Снова был разговор с патриархом. Николаю всегда было очень легко поколебать хрупкое душевное равновесие басилевса Льва, особенного когда император, как сегодня, был болен. Патриарх, словно бы невзначай, напомнил, что у болгарского царя есть прекрасный наследник, равно как и у агарянского халифа. Подтекст речей патриарха был ясен басилевсу - если у императора нет наследников, надо укреплять власть другими путями. К примеру, выгодным замужеством единственной дочери и более тесным союзом с латинянами.
- Халифу не возбраняется иметь много жен, - поддел патриарха Лев.
- Но богохранимому императору не возбраняется смирять гордыню, - парировал Николай. - И смиренно просить Господа даровать ему наследника.
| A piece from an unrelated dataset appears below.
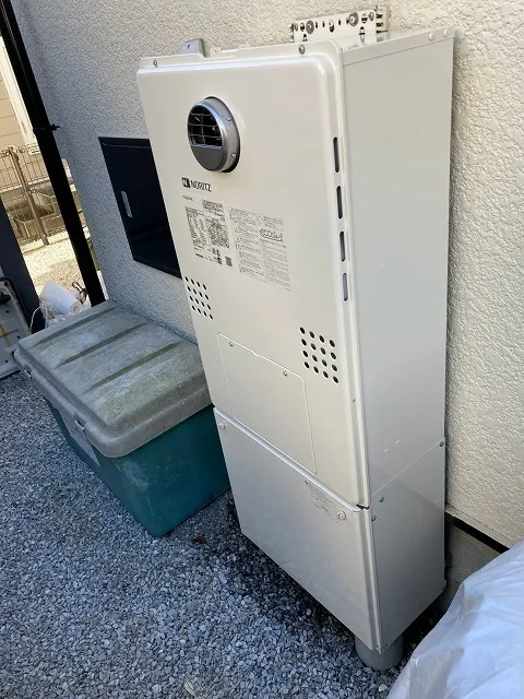 ノーリツ、GTH-C2448AWD→GTH-C2461AWD-1 BL、ノーリツ、エコジョーズ、24号、フルオート、屋外壁掛型、配管カバー付き、ガス温水暖房付ふろ給湯器交換工事ー埼玉県桶川市朝日

Лев промолчал. И так уж Зоя, угольноокая Зоя стала часто уединяться в одной из часовен Священного дворца - Лев еще слишком хорошо помнил свою первую жену, набожную Феофано, рядом с которой его пробирала дрожь, у которой ноги и руки были холоднее льда. И сегодня утром, видя лицо Зои, бледное после бессонной ночи, с темными кругами вокруг прекрасных черных очей, Лев ощутил себя жалким и беспомощным. Мысль о недавней желудочной хвори, из-за которой он несколько дней пролежал в постели, усугубляла это ощущение. Если не станет его - что станется с Анной? И с Зоей. И с Империей…
Милая, храбрая и стойкая моя Зоя, с нежностью думал Лев, вспомнив ее вымученную улыбку в ответ на то, как он пенял ей за проводимые на молитве бессонные ночи. И кроток был ее ответ - что на все Божья воля, и что она надеется на помощь Пресвятой Богородицы, которой неустанно молится о ниспослании императорского наследника в ее недостойное чрево. И как стойко Зоя противостоит наветам и клевете, окружающим ее - то ее называют язычницей, то распутницей, то шепчутся о ней, как о стороннице богомильской ереси.
Зоя ожидает меня, подумал Лев, и, не обращая внимания на затолпившихся вслед за ним кандидатов и соматофилактов, поспешил в покои Дафны, где он поселил Зою.
Угольноокая действительно ожидала его. И действительно думала о том, как родится у нее крепкий, красивый наследник. У него будут ее черные кудри, а стать и силу пусть унаследует он от своего отца. Настоящего отца. Зоя позволила себе улыбнуться и лениво провела пальцем по своему горлу и вниз, к ложбинке между крепкими упругими холмиками груди. Она хороша! И тот, кто сегодня был с ней, сполна оценил ее красоту - как он был ненасытен, как стискивали ее бедра его сильные руки, как она плавилась в объятиях… Конечно, ни о какой любви тут и речи быть не может, твердо сказала себе Зоя. И снова улыбнулась, вспомнил светлые глаза, лихорадочно взблескивающие в сполохах светильников, отливающие старым золотом волосы, неожиданно мягкие (а ей казалось, что они должны быть жесткими как грива дикого коня), напрягшиеся мускулы и блестящие на них бисеринки пота, которые она сцеловывала уже после того, как оба они, утомленные, разомкнули объятия и лежали рядом.
Хорошего понемножку, подумала Зоя, невольно сравнивая узкоплечую тонкую фигуру вошедшего в ее покои Льва с тем, кто был у нее сегодня ночью - высоким и крепким, с повадками вышедшего на охоту хищника. Когда она ощутит под сердцем дитя, с тайными встречами будет покончено. Это не более чем торговый союз - отчего бы красивому молодому мужчине не помочь красивой женщине? С пользой и удовольствием - в том, что она весьма искусна на ложе, Зоя никогда не сомневалась.
- Ты нездоров, государь, - мягко сказала она тяжело опустившемуся в кресло Льву. - Я прикажу позвать лекаря, а ты сейчас же ложись.
- Завтра прибудут послы хазарского кагана, надо будет принять… полный церемониал, - силы покидали императора, он с помощью слуг улегся на ложе и в изнеможении закрыл глаза. - Это пройдет… я съел слишком много смокв за ужином. Спасибо, милая. И позови ко мне мою дочь.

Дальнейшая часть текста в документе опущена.